Directions for this task
Once the pictures are removed, restate the listing word for word.

■ ■ ■ ■

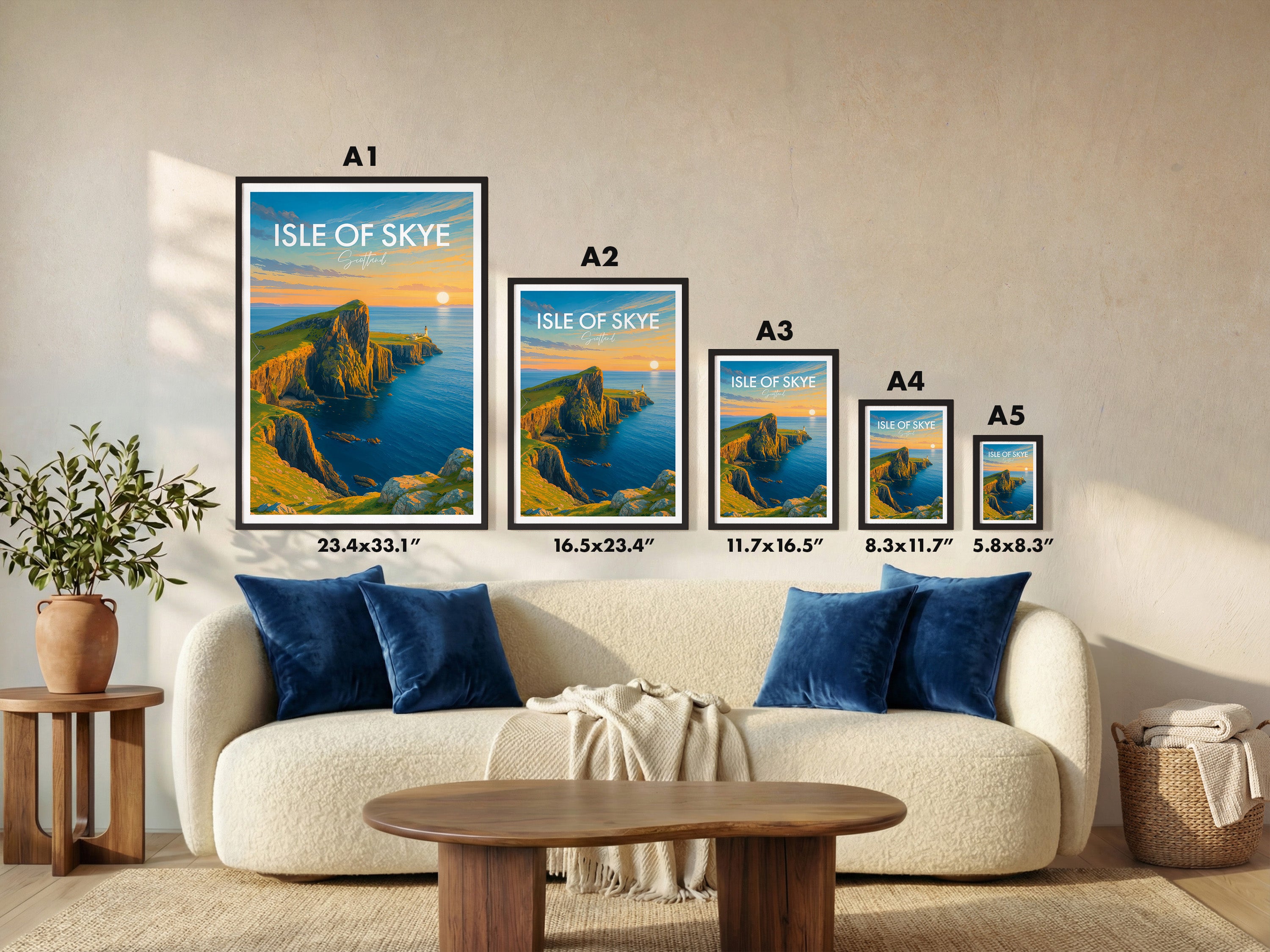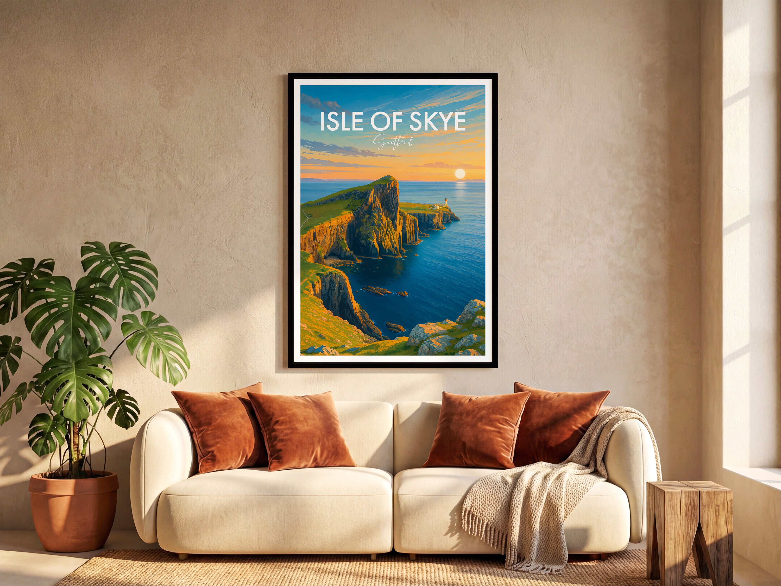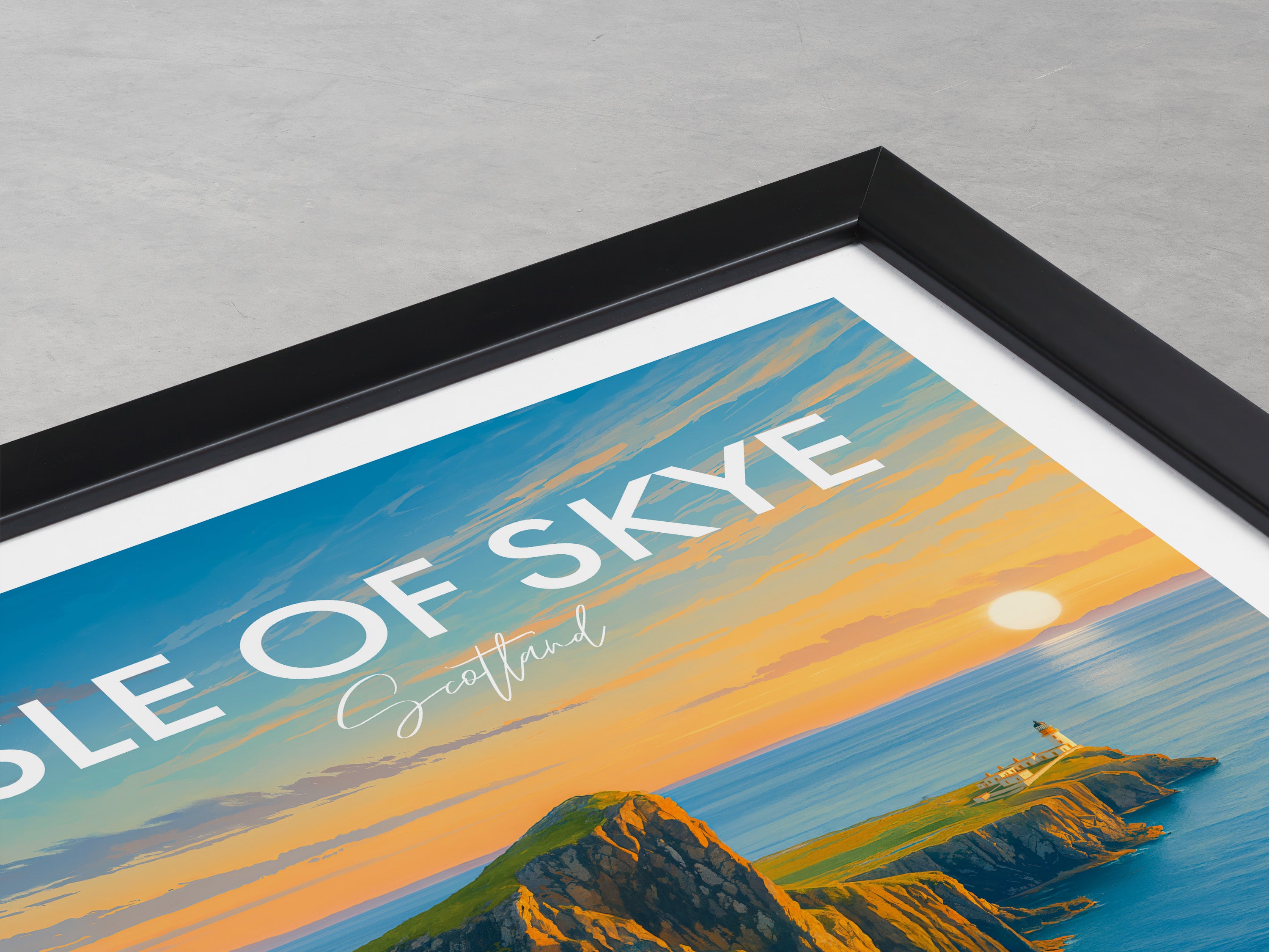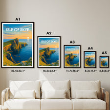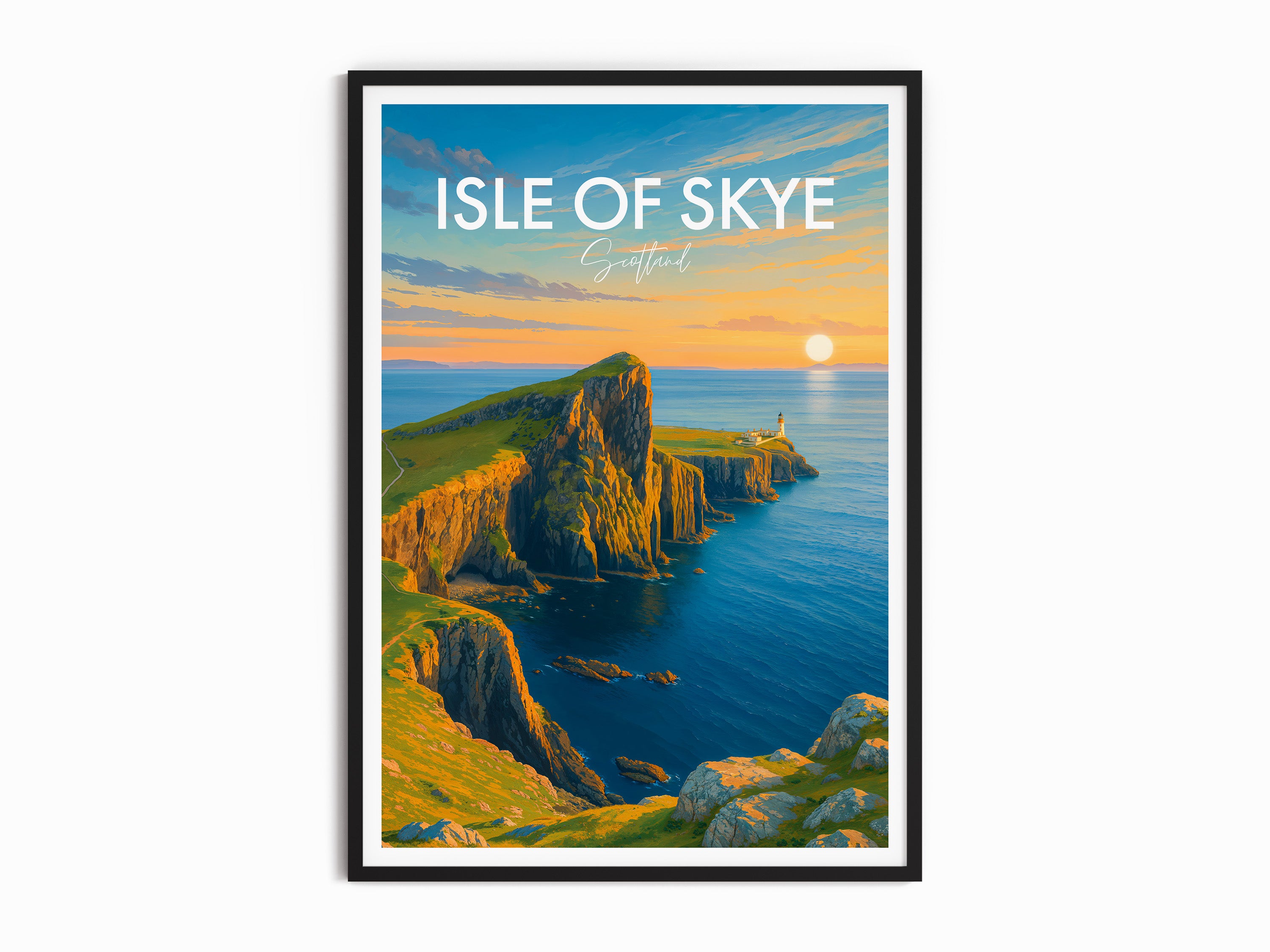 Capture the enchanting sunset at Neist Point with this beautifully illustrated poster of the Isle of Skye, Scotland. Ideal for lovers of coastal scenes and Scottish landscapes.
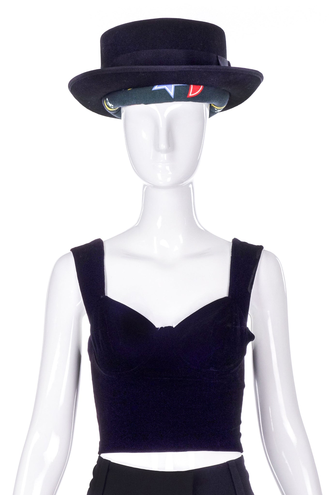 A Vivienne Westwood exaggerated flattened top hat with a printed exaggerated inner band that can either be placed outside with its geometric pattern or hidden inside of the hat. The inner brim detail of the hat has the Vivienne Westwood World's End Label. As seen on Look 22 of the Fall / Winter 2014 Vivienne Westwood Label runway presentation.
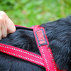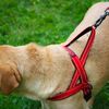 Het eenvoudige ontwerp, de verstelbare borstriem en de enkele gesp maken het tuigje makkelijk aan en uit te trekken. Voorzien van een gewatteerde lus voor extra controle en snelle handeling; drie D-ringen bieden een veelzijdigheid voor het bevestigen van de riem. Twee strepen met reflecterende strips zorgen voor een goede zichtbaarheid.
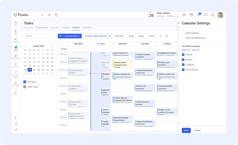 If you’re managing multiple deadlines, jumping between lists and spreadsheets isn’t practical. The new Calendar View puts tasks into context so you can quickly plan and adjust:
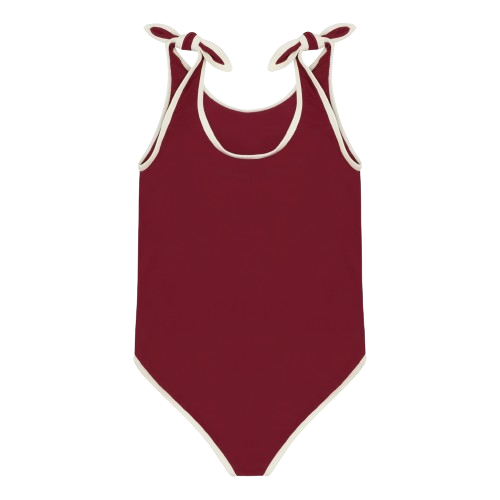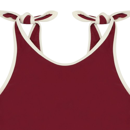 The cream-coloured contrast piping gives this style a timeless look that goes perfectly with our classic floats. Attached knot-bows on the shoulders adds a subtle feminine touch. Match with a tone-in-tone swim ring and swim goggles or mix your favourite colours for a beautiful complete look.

■ ■ ■ ■

Reply to the exercise
 Capture the enchanting sunset at Neist Point with this beautifully illustrated poster of the Isle of Skye, Scotland. Ideal for lovers of coastal scenes and Scottish landscapes.
 A Vivienne Westwood exaggerated flattened top hat with a printed exaggerated inner band that can either be placed outside with its geometric pattern or hidden inside of the hat. The inner brim detail of the hat has the Vivienne Westwood World's End Label. As seen on Look 22 of the Fall / Winter 2014 Vivienne Westwood Label runway presentation.
 Het eenvoudige ontwerp, de verstelbare borstriem en de enkele gesp maken het tuigje makkelijk aan en uit te trekken. Voorzien van een gewatteerde lus voor extra controle en snelle handeling; drie D-ringen bieden een veelzijdigheid voor het bevestigen van de riem. Twee strepen met reflecterende strips zorgen voor een goede zichtbaarheid.
 If you’re managing multiple deadlines, jumping between lists and spreadsheets isn’t practical. The new Calendar View puts tasks into context so you can quickly plan and adjust:
 The cream-coloured contrast piping gives this style a timeless look that goes perfectly with our classic floats. Attached knot-bows on the shoulders adds a subtle feminine touch. Match with a tone-in-tone swim ring and swim goggles or mix your favourite colours for a beautiful complete look.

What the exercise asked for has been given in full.